Schizophrénie. Un mot qu’on peine à écrire correctement. Un mal qui fait peur. Une maladie capable de provoquer des séismes à la magnitude dévastatrice si elle n’est pas traitée, contrôlée. Ses obsessions, ses voix, ses hallucinations, sa carabine entre les jambes en se berçant, ses menaces, sa violence, ses crucifix, ses condoms de l’adultère trouvés sous le lit conjugal, ses poignets tranchés, ses entrées et ses sorties de l’hôpital psychiatrique, ses visites terrifiantes, ses pilules jetées dans la cuvette, etc. Cette perte de contact avec la réalité, son mari, le père de ses jeunes enfants en est affligé. Par ricochet, elles en ressentent les redoutables secousses jusqu’au jour où la frontière de l’infernal leur intima la fuite. La dernière. Une porte qu’elles barreront à double tour pour toujours.

***

Son instinct lui criait de ne pas les laisser partir mais elle ne put résister devant l’insistance et les reproches du frère de son ex-mari. « Un père a le droit de voir ses enfants. » avait-il martelé. L’oncle les embarqua dans sa voiture avec leur petit bagage et les amena à des centaines de kilomètres de leur refuge. Il veillerait sur elles. Tout irait bien. C’est ce qu’elle se répétera tel un mantra à chacune de ses respirations. Une interminable fin de semaine à inspirer et expirer pour se garder en vie.

Au retour, sa grande fille de 6 ans a prononcé une seule phrase. Courte mais catégorique :

-           Je ne veux plus jamais le revoir.

La maman a cherché par tous les moyens d’en savoir plus mais rien n’y fit.
Cette visite « supervisée » avec son père, chez son oncle, la força à s’édifier une muraille infranchissable.

Elle

Elle a peur. Peur d’être comme lui. Peur de sa folie. Peur qu’il la retrouve. Peur de lui. Ça la réveille la nuit. DRAGON. Elle hait son nom de famille. Il la lie à lui. Un nom étrange qui suscite l’attention, celle qu’elle redoute et craint comme une intrusion qui risque de mal tourner.

Pour les autres, elle n’a pas de père. On ne lui en parle pas non plus. Comme si on savait qu’il ne fallait pas. Comme si elle irradiait cette interdiction tel un panneau lumineux affichant :
« DÉFENSE DE DEMANDER. DANGERSSS. »

À la manière d’un kaléidoscope, elle entrevoit par l’ouverture de la serrure de son enfance, des éclats de souvenirs,  des retours en arrière à l’âge de l’innocence. Elle a tenté de s’en approcher, d’y toucher mais à chaque fois, vertige. Son cœur et sa tête s’affolent. Ils la prient de ne pas franchir le seuil de ce qu’elle a su museler.

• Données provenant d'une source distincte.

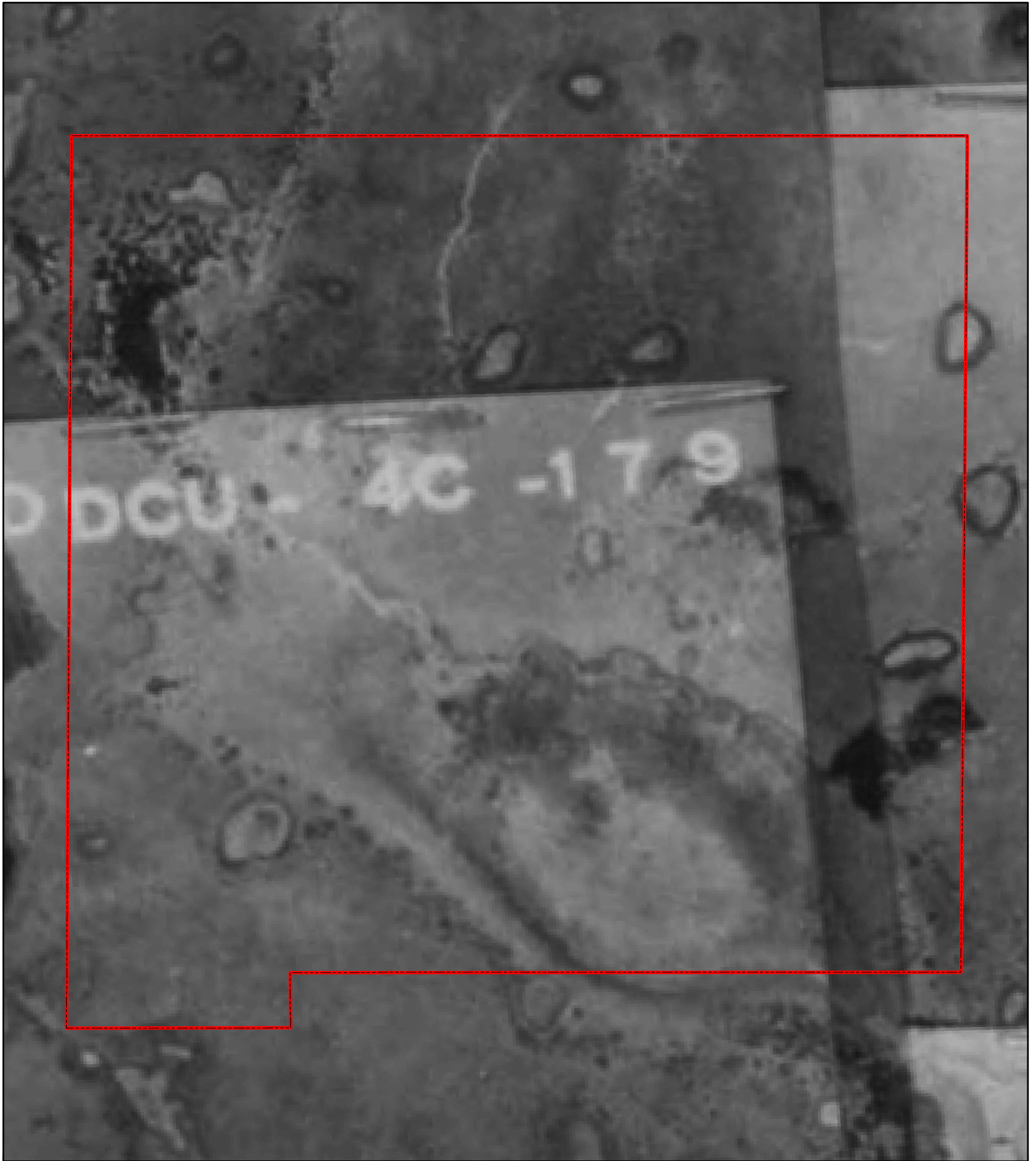
Figure 3a Historic Aerial Map

Sur une route de campagne, elle aperçoit un homme errant sans raison d’être. Il existe entre deux champs. Un espace-temps partagé alors que leur voiture le dépasse, lentement, trop lentement. Malgré une crainte viscérale d’être démasquées, elles ne peuvent s’empêcher de tourner le regard à tribord. Tapies dans leurs sièges pour ne pas sombrer, la réalité dépasse la fiction. C’est lui. En accéléré, la famille recomposée se pose sur la terrasse du nouveau conjoint. L’homme qui naviguait entre deux horizons émerge dans la cour du voisin. Impossible réalité. Elle vomit sa peur, les années d’épouvante qu’elle croyait avoir étouffées et enterrées.

***

À 25 ans, elle agite le drapeau blanc. Assez des nausées,  des cauchemars, des tiraillements dans l’estomac, des « et si… » qui composaient son ordinaire depuis le premier âge. Elle décide de consulter. Accompagnée de sa précieuse alliée, elle met deux mots sur ses maux : anxiété généralisée. Cette bouée psychologique, elle l’espère, lui permettra de souffler, de vivre plutôt que de survivre.

Je

Je n’ai pas fait comme les autres. J’ai nagé à contre-courant. Souvent aux antipodes de ce que la société valorise. J’ai peut-être mis trop d’emphase sur certaines inquiétudes, valeurs ou sphères de ma vie au détriment de possibilités que je n’ai pas osé embrasser. En contrepartie, mes pas me guidaient inconsciemment sur le chemin de l’ « être » plutôt que du « faire ». En choisissant de vivre, j’ai rapidement réalisé que j’évoluerais autrement. « Être » moi et tendre vers une certaine quiétude requiert une vitalité considérable. C’est un paradoxe que je ne m’explique plus. Je l’assume. Je suis pleine de failles mais j’arrive à fléchir sous les aléas de la vie sans casser. C’est déjà ça de pris!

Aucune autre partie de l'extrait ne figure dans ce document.